The second part is where the calculation happens. It is wrapped around the unsafe keyword since we plan to do direct pointer manipulation (yes you can do this in C# too). For this to work you need to enable unsafe code from project settings. The parallel for loops take advantage of a multi core system to determine in parallel the value for each pixel. For each pixel we determine the amount of iterations until the point escaped.

In the last section we unlock the image. The dirty rectangles are a good old performance optimization trick. There are times when you update only certain parts of your image, so telling the engine which parts need to be redrawn is good. If you updated a large chunk of the image, in this case it is faster to update everything.

public static void GenerateImage(WriteableBitmap bmp, 
	double startX, double startY, double step, int[] palette)
{
	long buffer = 0;
	var stride = 0;
	var width = 0;
	var height = 0;

	bmp.Dispatcher.Invoke(() =>
	{
		bmp.Lock();
		buffer = (long)bmp.BackBuffer;
		stride = bmp.BackBufferStride;
		width = bmp.PixelWidth;
		height = bmp.PixelHeight;
	});

	unsafe
	{
		Parallel.For(0, height, j =>
		{
			Parallel.For(0, width, i =>
			{
				var pixel = buffer + j * stride + i * 3;
				*(int*)pixel = palette[Iterate(
					startX + i * step, 
					startY + j * step, 
					palette.Length)];
			});
		});
	}

	bmp.Dispatcher.Invoke(() =>
	{
		bmp.AddDirtyRect(new Int32Rect(0, 0, width, height));
		bmp.Unlock();
	});
}

static int Iterate(double x, double y, int limit)
{
	var x0 = x;
	var y0 = y;
	for (var i = 0; i < limit; i++)
	{
		if (x * x + y * y >= 4)
			return i;

		var zx = x * x - y * y + x0;
		y = 2 * x * y + y0;
		x = zx;
	}

	return 0;
}

The beauty in this exercise is of course the coloring.
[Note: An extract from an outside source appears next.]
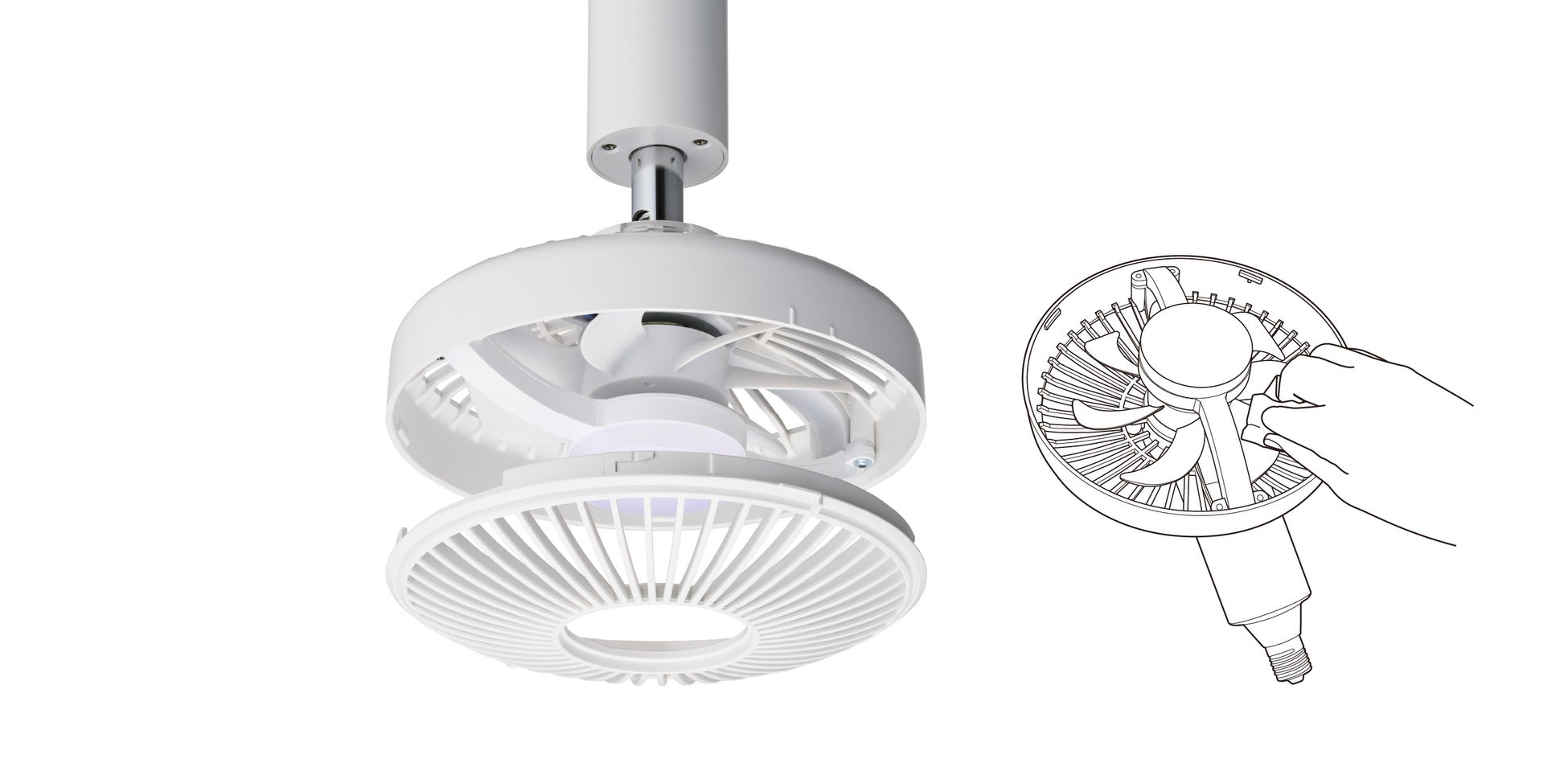 従来のソケットタイプのデザインは全体が円形で、ファンを中心部に、照明部分を円形の外側に配置していました。しかし、E17口金サイズはE26口金サイズに比べて口金直径が35%細くなっていることで、取付製品の小型軽量化を目指して、従来のデザインとは逆に、中央に照明を設置することで、外径を抑えて、従来のE26モデルの製品より約25%軽量化しました。【照明を中央に配した独自のデザイン構造設計(実用新案登録済)】

For this purpose we use a gradient and we do a linear interpolation between two color values. I didn’t use the built in gradient functions in WPF since i wanted to save time and precalculate the whole palette.
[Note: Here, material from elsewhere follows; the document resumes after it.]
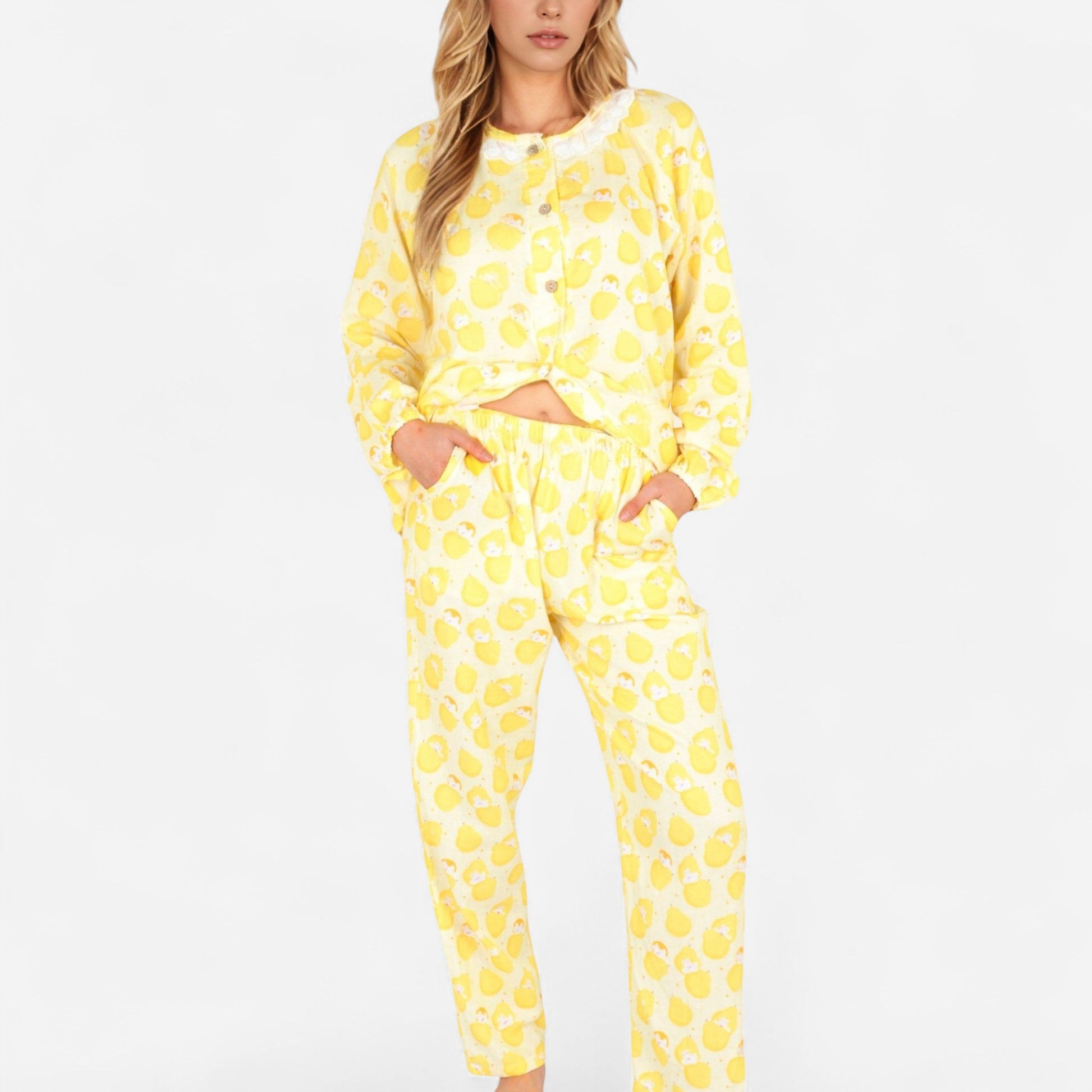 The Anna-Kaci Women's Lemon Print Pajama Set brings a cheerful vibe to your nighttime routine. Featuring a playful allover lemon pattern, this set includes a button-up long sleeve top with a delicate ruffle-trim collar and matching elastic waist pants. The lightweight fabric offers a soft, breathable feel for relaxing at home. Brighten your evenings with this fun and refreshing two-piece sleepwear set.

class GradientColorGenerator
{
	private readonly IList<dynamic> _stops = new List<dynamic>
		{
			new {v=0.000f, r=0.000f, g=0.000f, b=0.000f },
			new {v=0.160f, r=0.125f, g=0.420f, b=0.796f },
			new {v=0.420f, r=0.930f, g=1.000f, b=1.000f },
			new {v=0.642f, r=1.000f, g=0.666f, b=0.000f },
			new {v=1.000f, r=0.000f, g=0.000f, b=0.000f },
		};

	public int[] GeneratePalette(int depth)
	{
		var x = new int[depth];
		for (int i = 0; i < depth; i++)
		{
			x[i] = GetColor(i / (float)depth);
		}
		return x;
	}

	private int GetColor(float p)
	{
		if (p > 1) p = 1;
		for (int i = 0; i < _stops.Count; i++)
		{
			if (_stops[i].v <= p && _stops[i + 1].v >= p)
			{
				var s0 = _stops[i];
				var s1 = _stops[i + 1];
				var pos = (p - s0.v) / (s1.v - s0.v);
				var rpos = 1 - pos;
				var r = rpos * s0.r + pos * s1.r;
				var g = rpos * s0.g + pos * s1.g;
				var b = rpos * s0.b + pos * s1.b;
				return 
					Convert.ToByte(r * 255) << 16 | 
					Convert.ToByte(g * 255) << 8 | 
					Convert.ToByte(b * 255);
			}
		}

		return 0; 
	}
}

Try out your own gradient and enjoy!